There are also methods including `as.matrix.dichotomies()`, `as.character.dichotomies()`
to facilitate working with `dichotomies` objects in other representations. The `ABCD` example
above corresponds to the matrix below, whose rows represent the dichotomies and columns
are the response levels:

```{r}
as.matrix(ABCD)

as.character(ABCD)
```

The result of `nestedLogit()` is an object of class `"nestedLogit"`. It contains
the set of $(m-1)$ `glm()` models fit to the dichotomies.

### Methods

```{r child="man/partials/methods.Rmd"}
```

## Examples

This example uses data on women's labor force participation to fit a nested logit model for
the response, `partic`, representing categories
`not.work`, `parttime` and `fulltime` for 263 women from a 1977
survey in Canada. This dataset is explored in more detail in the
package vignette, `vignette("nestedLogits", package = "nestedLogit")`.

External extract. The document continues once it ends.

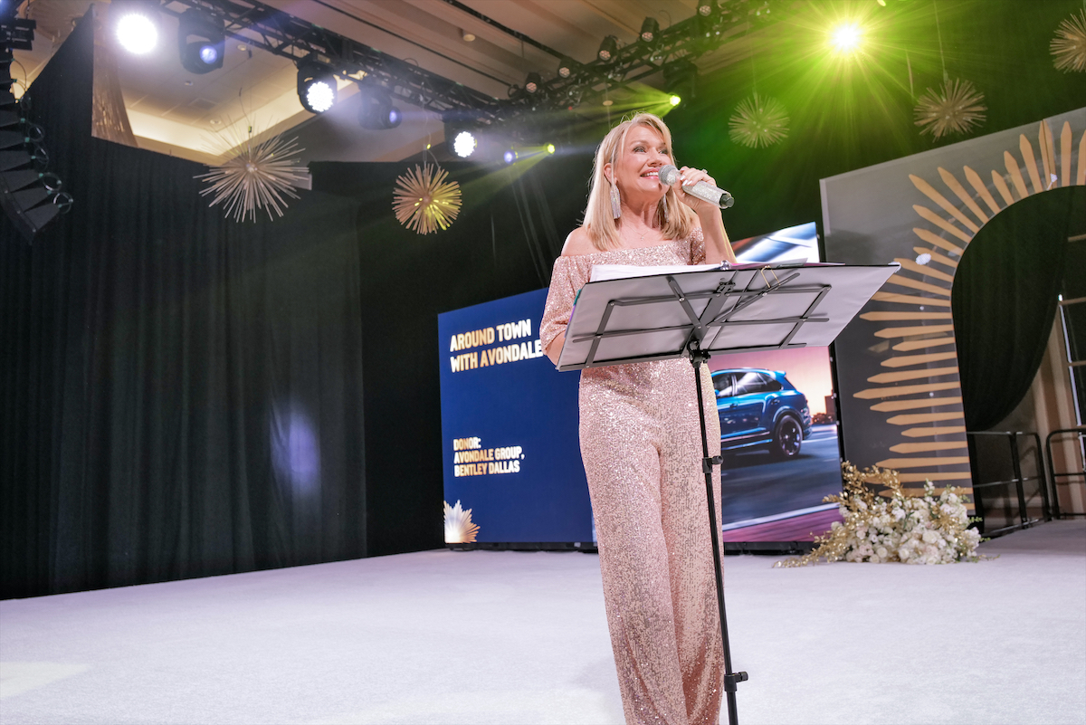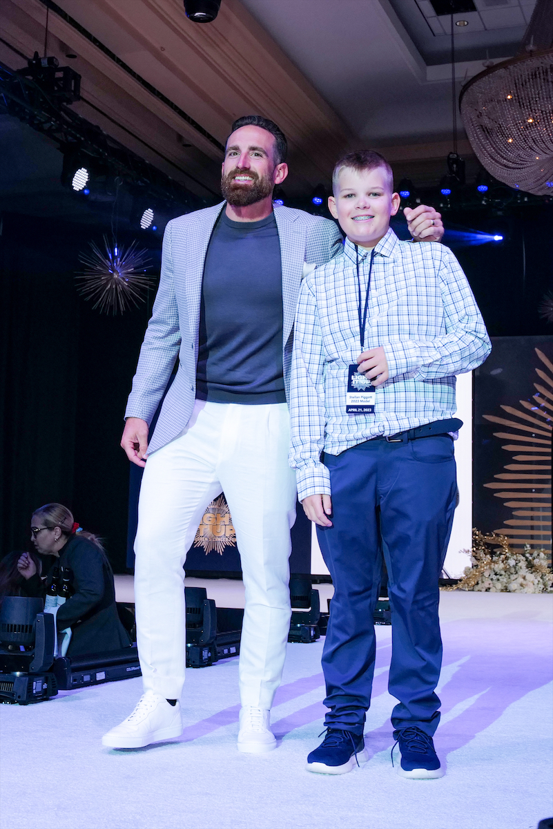 It was difficult to keep emotions from rising when the emcee for the evening, Meredith Land, introduced the young warriors as they stepped out in their Dillard’s looks. Hannah Bishara, a competitive figure skater who was first diagnosed with acute lymphoblastic leukemia at age 7, strutted her strength alongside the cast of her favorite TV show, The Chosen. Athlete and avid video gamer River Bray hopes to walk the moon once he’s cancer-free, and received pointers from his hero, a Blue Origin astronaut, on stage. Other escorts included legends like Troy Aikman and Dak Prescott – the event’s honorary chairmen – and celebs like “bag snob” Tina Craig, Nicky Hilton, and Kathy Hilton (Paris, for her part, left a video message encouraging the kids to “keep sliving”).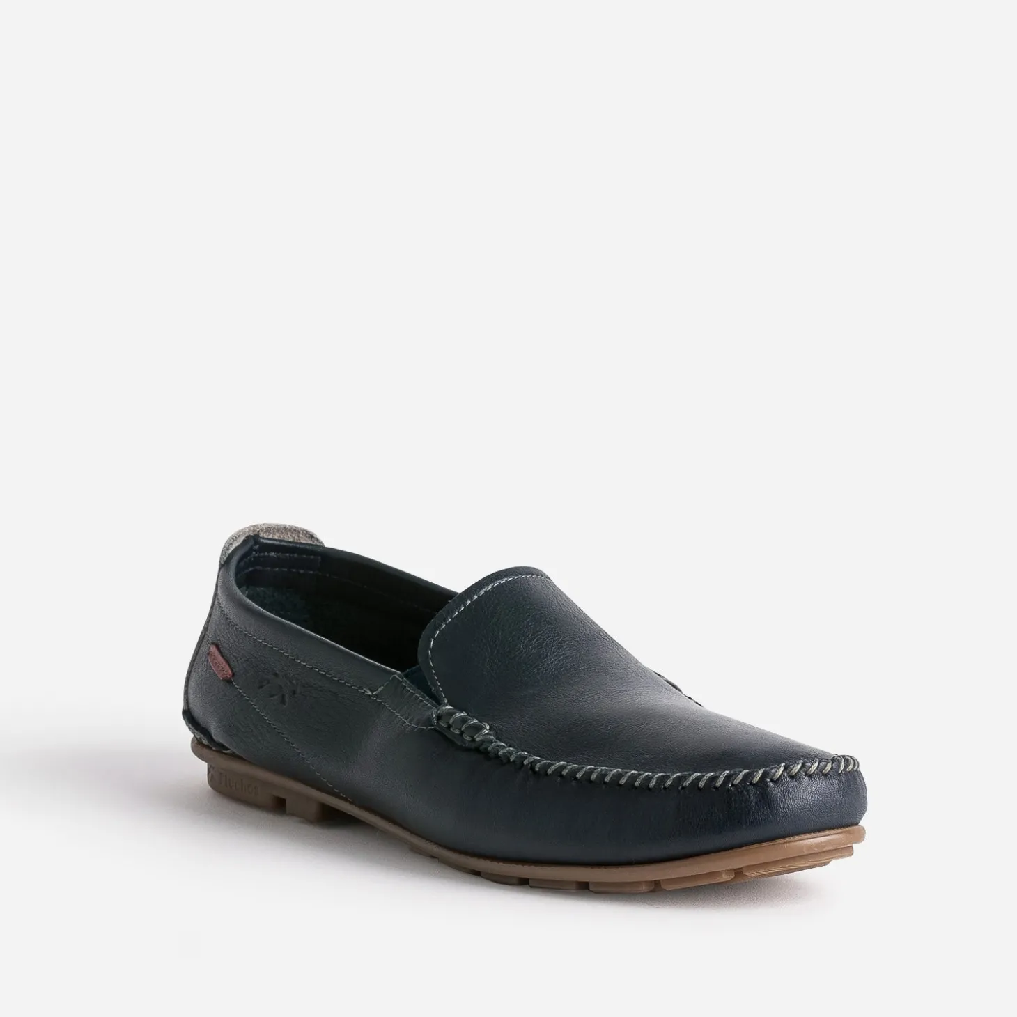 Ce slip-on pour homme se porte de préférence nu-pieds. En cuir bleu marine, non doublé, doté d’élastiques sur les côtés et d’une semelle intérieure amovible, il se démarque par une incroyable souplesse au porté. Un modèle à porter avec une chemise en lin écrue et un bermuda beige.

A model for the complete polytomy can be specified as two nested
dichotomies, using helper functions `dichotomy()` and `logits()`, as shown in the example that follows:

* `work`: {not.work} vs. {parttime, fulltime}
* `full`: {parttime} vs. {fulltime}, but only for those working

`nestedLogit()` effectively fits each of these dichotomies
as logistic regression models via `glm(..., family = binomial)`

```{r wlf-model}
data(Womenlf, package = "carData")

# Use `logits()` and `dichotomy()` to specify the comparisons of interest
comparisons <- logits(work=dichotomy("not.work",
working=c("parttime", "fulltime")),
full=dichotomy("parttime", "fulltime"))

m <- nestedLogit(partic ~ hincome + children,
dichotomies = comparisons,
data=Womenlf)
coef(m)
```
The `"nestedLogit"` object contains the components of the fitted model. The structure can be shown nicely
using `lobstr::tree()`:

```{r}
m |> lobstr::tree(max_depth=1)
```

The separate models for the `work` and `full` dichotomies can be extracted via `models()`. These
are the binomial `glm()` models.
```{r}
models(m) |> lobstr::tree(max_depth = 1)
```

`Anova()` produces analysis of variance deviance tests for the terms in this model for each of the submodels, as well as for the combined responses of the polytomy. The `LR Chisq` and `df` for terms in the combined model are the sums of those for
the submodels.

```{r wlf-anova}
car::Anova(m)
```

### Plots
A basic plot of predicted probabilities can be produced using
the `plot()` method for `"nestedLogit"` objects.
It can be called several times to give multi-panel plots.
By default, a 95% pointwise confidence envelope is added to the plot.
Here, they are plotted with `conf.level = 0.68` to give $\pm 1$ std. error bounds.

```{r wlf-plot}
#| out.width = "100%",
#| fig.asp = 0.55,
#| echo = 1:3
op <- par(mfcol=c(1, 2), mar=c(4, 4, 3, 1) + 0.1)
plot(m, "hincome", list(children="absent"),
conf.level = 0.68,
xlab="Husband's Income", legend=FALSE)
plot(m, "hincome", list(children="present"),
conf.level = 0.68,
xlab="Husband's Income")
par(op)
```

## Vignettes

* A more general discussion of nested dichotomies logistic regression and detailed examples can be found
in `vignette("nestedLogit")`

* A variety of other plots can be produced using `ggplot()`, as described in the vignette,
`vignette("plotting-ggplot")`.

* A new vignette, "`vignette("standard-errors")`, describes the mathematics behind the calculation of
standard errors using the delta method.

## Authors
* John Fox
* Michael Friendly

## References

S. Fienberg (1980) _The Analysis of Cross-Classified Categorical Data_, 2nd Edition, MIT Press, Section 6.6.

J. Fox (2016) _Applied Regression Analysis and Generalized Linear Models_, 3rd Edition, Sage, Section 14.2.2.

M. Friendly and D. Meyers (2016) _Discrete Data Analysis with R_, CRC Press, Section 8.2.